Forum Moderators: phranque
I would instead think that your problem is more of a cpu limitation as your scipts grab from the database and process the output. If you are dynamically constructing each page for each request, the biggest performance boost you can probably get is caching some of your dynamic pages. That is generating a static version and refreshing it every so often.
Choice of refresh time would vary depending on how complex your page are, number of visitors, and how often the underlying data changes.
This approach gives you a lot of flexability - not just in refesh time but also in choosing which sections of your site to cache.
I don't know precisely why it helped, but I have two theories:
1. The server was reaching the limit of the simultaneous HTTP requests it could handle.
2. The server was reaching a limit on bandwidth used during some period of time, and the ISP was throttling it down.
The first thing you should try is adding more RAM to your server - as a general rule, you should try to have more RAM than the size of your database so SQL can load the entire DB into memory (which it will do eventually anyway - commonly mistaken for a memory leak, but it's not) and still have enough RAM available to do everything else. If this is possible, it will cut down on CPU performance too because the DB will be loaded into memory and won't be wasting as much CPU horsepower using swap files.
Second thing that will help - convert everything you can to stored procedures. It will run more efficiently, and that = faster.
Take a look at your table structure and make sure you're using the most suitable data type for each field. Use numbers vs. text whenever possible (including varchar/nvarchar) because those will take up more space in the DB and and take longer to search than numbers do.

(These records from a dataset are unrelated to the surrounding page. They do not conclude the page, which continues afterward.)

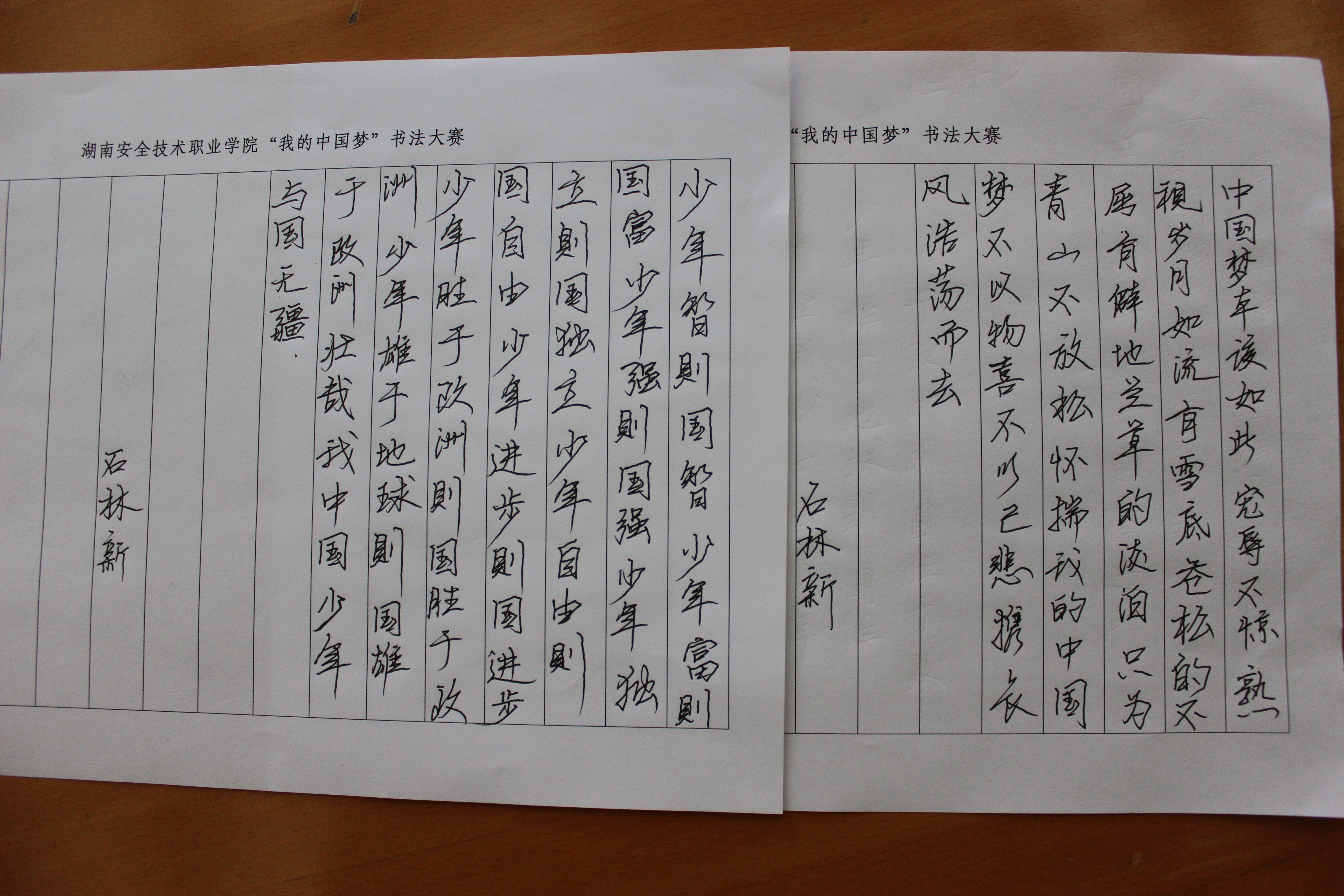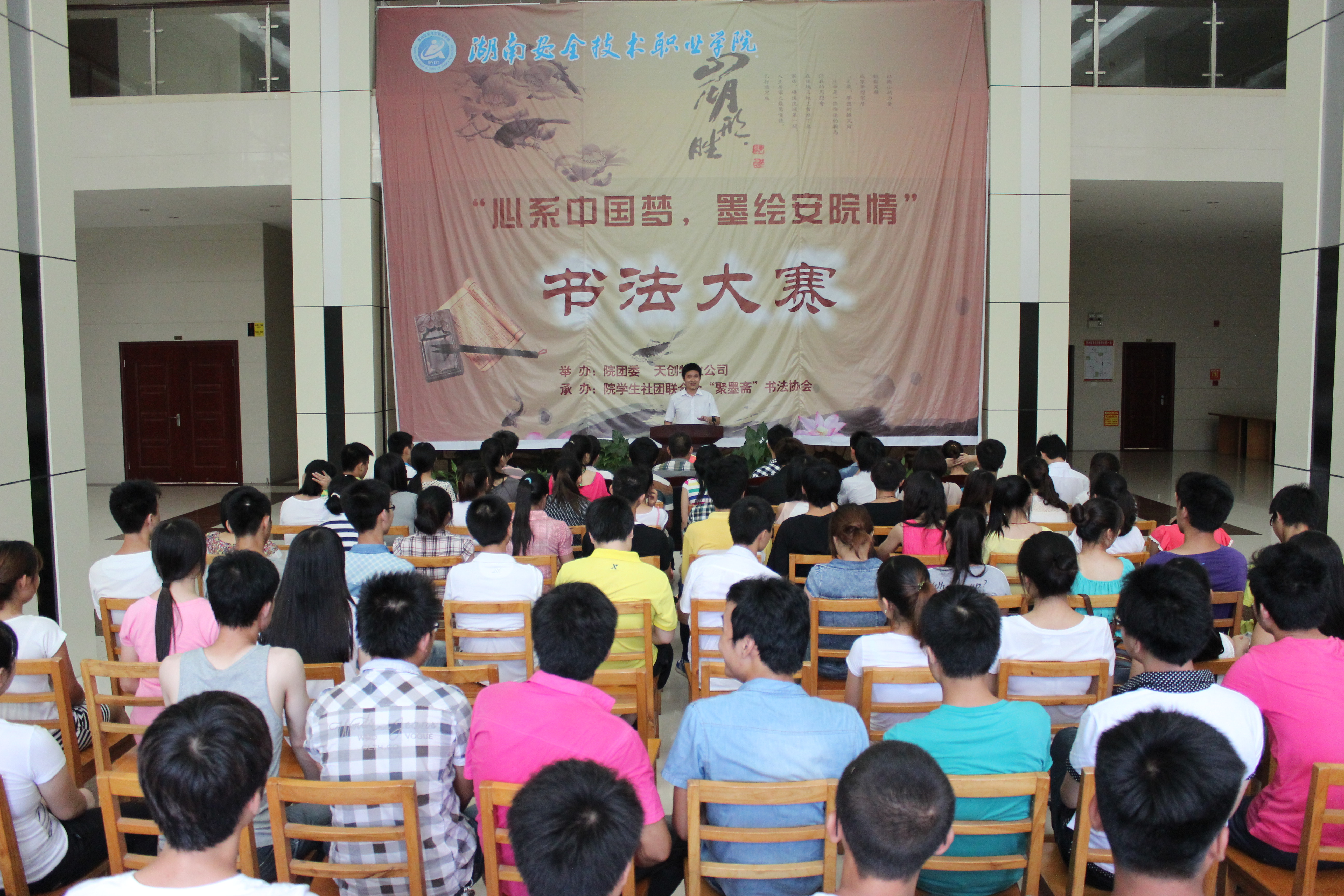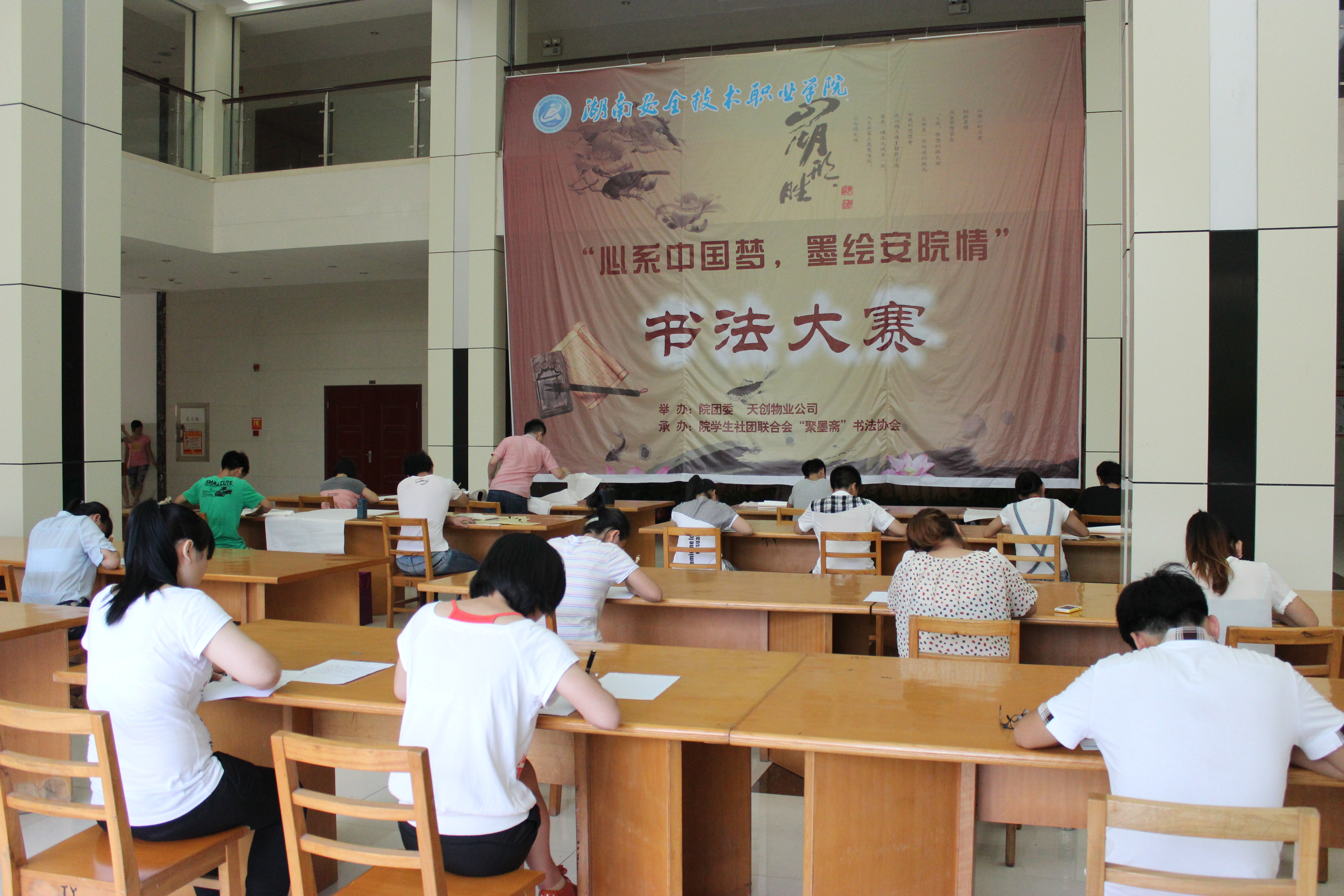 书法是一门学问,更是一门艺术。它不仅是中华民族的文化瑰宝,而且在世界文化艺术宝库中独放异彩。为进一步弘扬中国传统书法艺术,丰富校园文化艺术生活,增强同学们对书法艺术的学习兴趣,提高审美能力,院团委于6月20日下午联合长沙市天创物业管理有限责任公司在图书馆一楼大厅举行了“我的中国梦”书法大赛。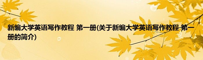 大家好,新编大学英语写作教程 第一册,关于新编大学英语写作教程 第一册的简介很多人还不知道,现在让我们一起来看看吧!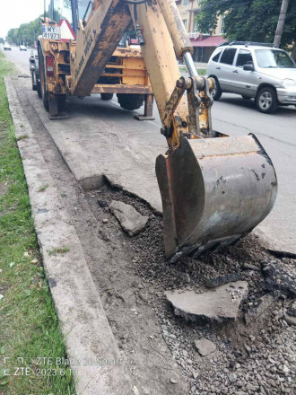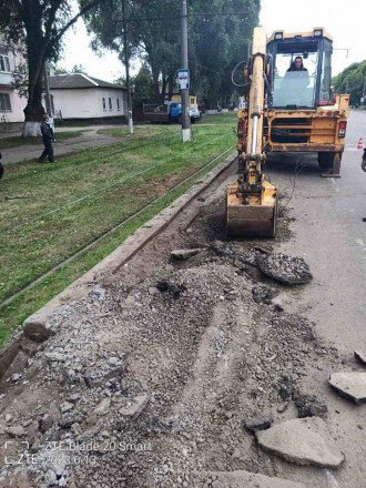 КП «Конотопське транспортне управління» проводить підготовчі роботи по укладанню плит на зупинках трамваю по Проспекту Миру.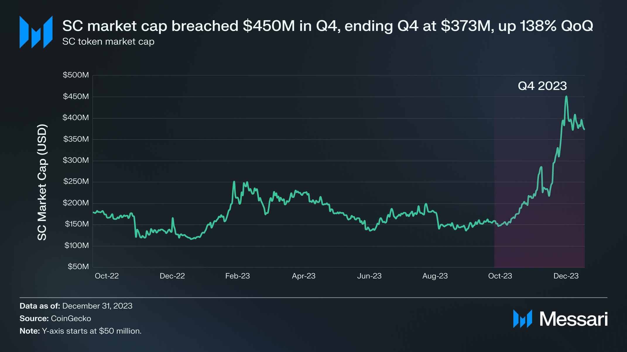 - Sia’s market cap grew 138% QoQ, ending the year at $373 million after reaching a $451 million quarterly high in mid-December.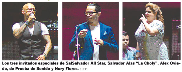 Los teloneros tuvieron invitados especiales. El público se emocionó cuando en escena apareció Nory Flores de la Internacional Orquesta de los Hermanos Flores, cantando los éxitos cumbieros “Mi país”, “Enfermera”, “Salvadoreñas” y “La Bala”, en género salsa. Lo mismo ocurrió con el emblemático tema de Prueba de Sonido “Hacer nuestro el universo” que interpretó Alex Oviedo. El gran cierre estuvo a cargo de Salvador Alas, mejor conocido como La Choly, que interpretó la canción “Creo en ti”.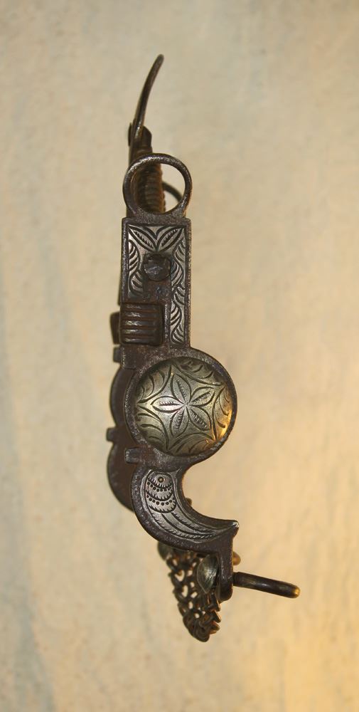 Intriguing, very early California style spade bit with attractive deeply engraved silver inlay.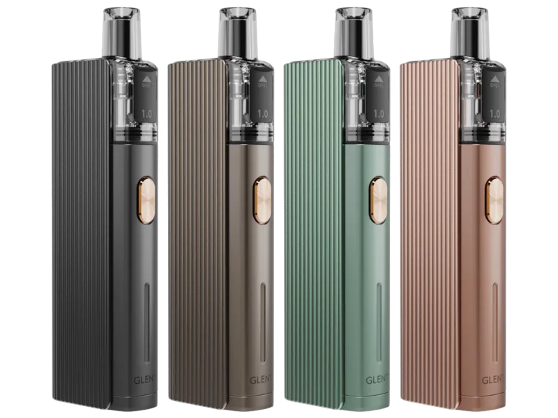 Neben dem beiliegenden 0,6 Ω GLENT Pod ist das System kompatibel mit der 1,0 Ω GLENT Cartridge (optional). Mit 0,6 Ω sind bis zu 19,8 W, mit 1,0 Ω bis zu 13,6 W möglich. Die Cartridge wird per Stecksystem sicher verbunden.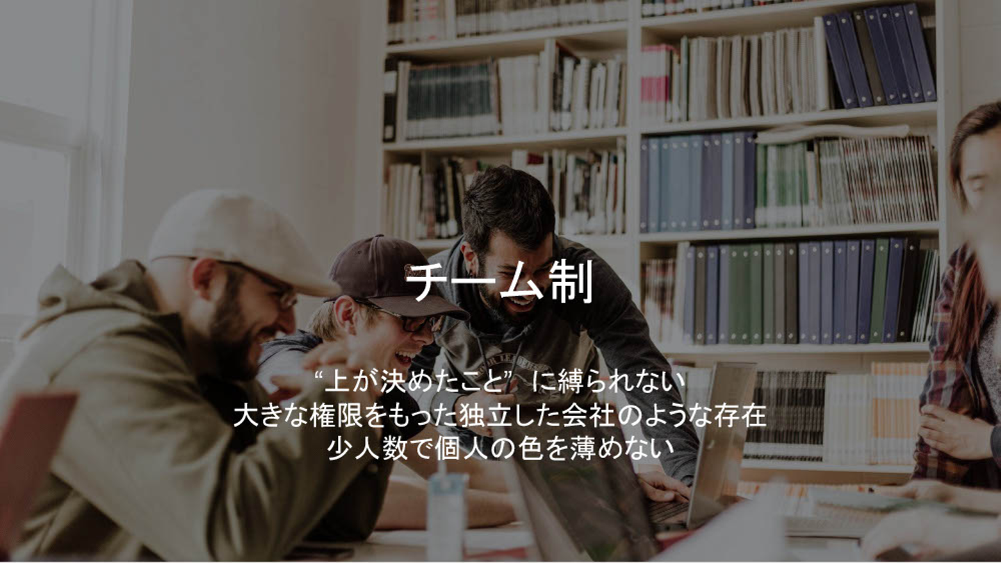 鈴木商店では5名以上10名未満のチームに分かれ、各チームが個別に組織を運営しています。チームプレイでプロジェクトを円滑に進行させることだけではなく、チーム単位での採用活動や経費管理など、本部業務に関わる大きな権限も併せ持っており、それぞれが小さな会社のように機能する存在を目指しています。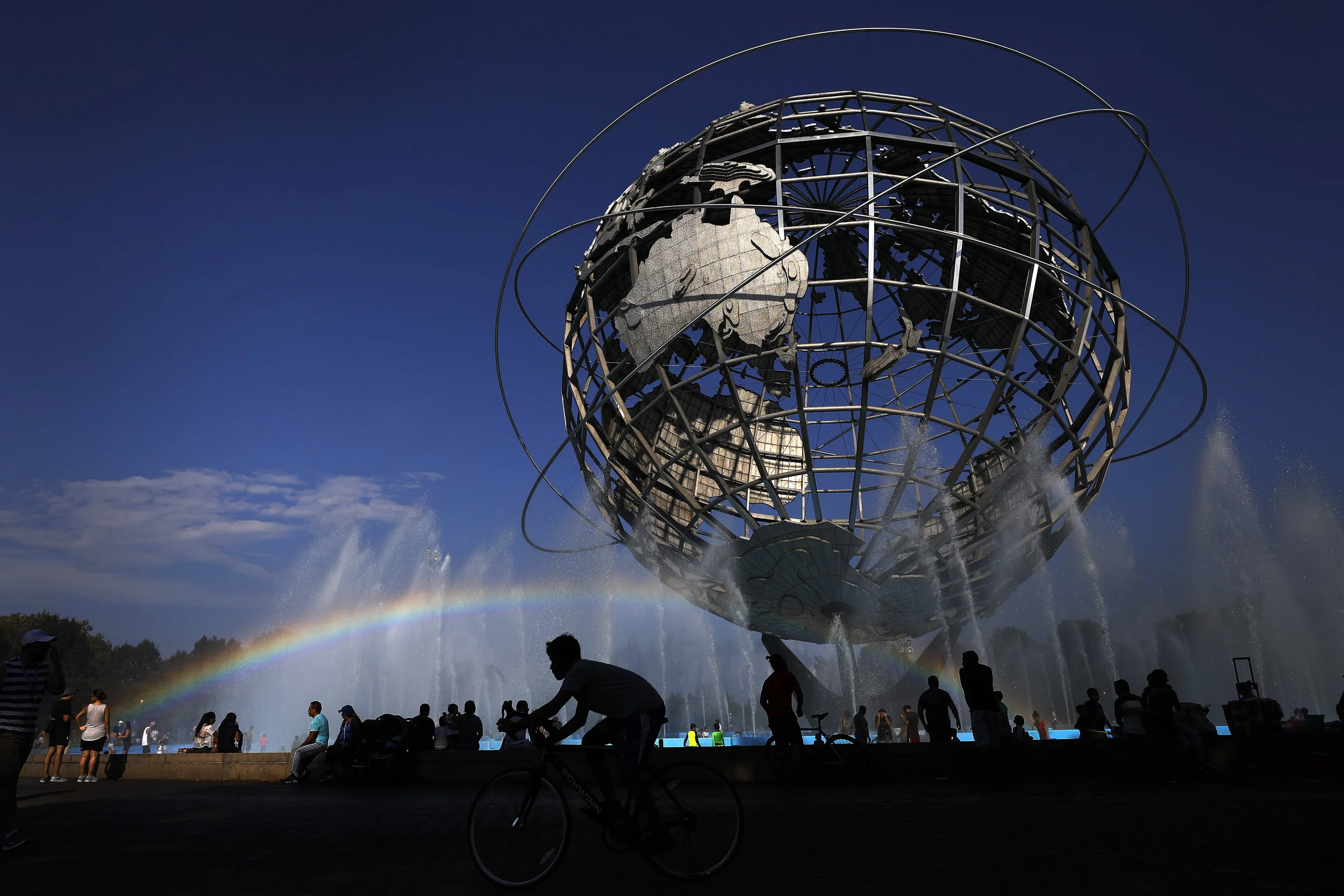 /A cyclist passes under a rainbow at the Unisphere fountain inside Flushing Meadows Corona Park.

Also make sure you're doing all of the little things like closing your database connection, trimming requests before they're sent to SQL server, and that you're running the latest ODBC drivers to connect to the data.
There are so many little things you can do to SQL to increase performance. I currently run a database that's about 8 GB in size, receives about 300,000 INSERT statements a day, and is constantly being accessed to both insert and display data. It runs just as well now with hundreds of millions of records in the DB as it did when I had 10 records, and that's just a dual 800 Mhz machine.
Serving every request grabs an Apache instance from the pool and keeps it busy until the last byte is sent to the user. Spending server instances fully loaded with PHP/mod_perl/whatnot on serving static content is a giant waste of memory that could otherwise be spent on larger disk cache and database buffers. And having cache and buffers large enought is often critical for good performance of DB-driven web apps.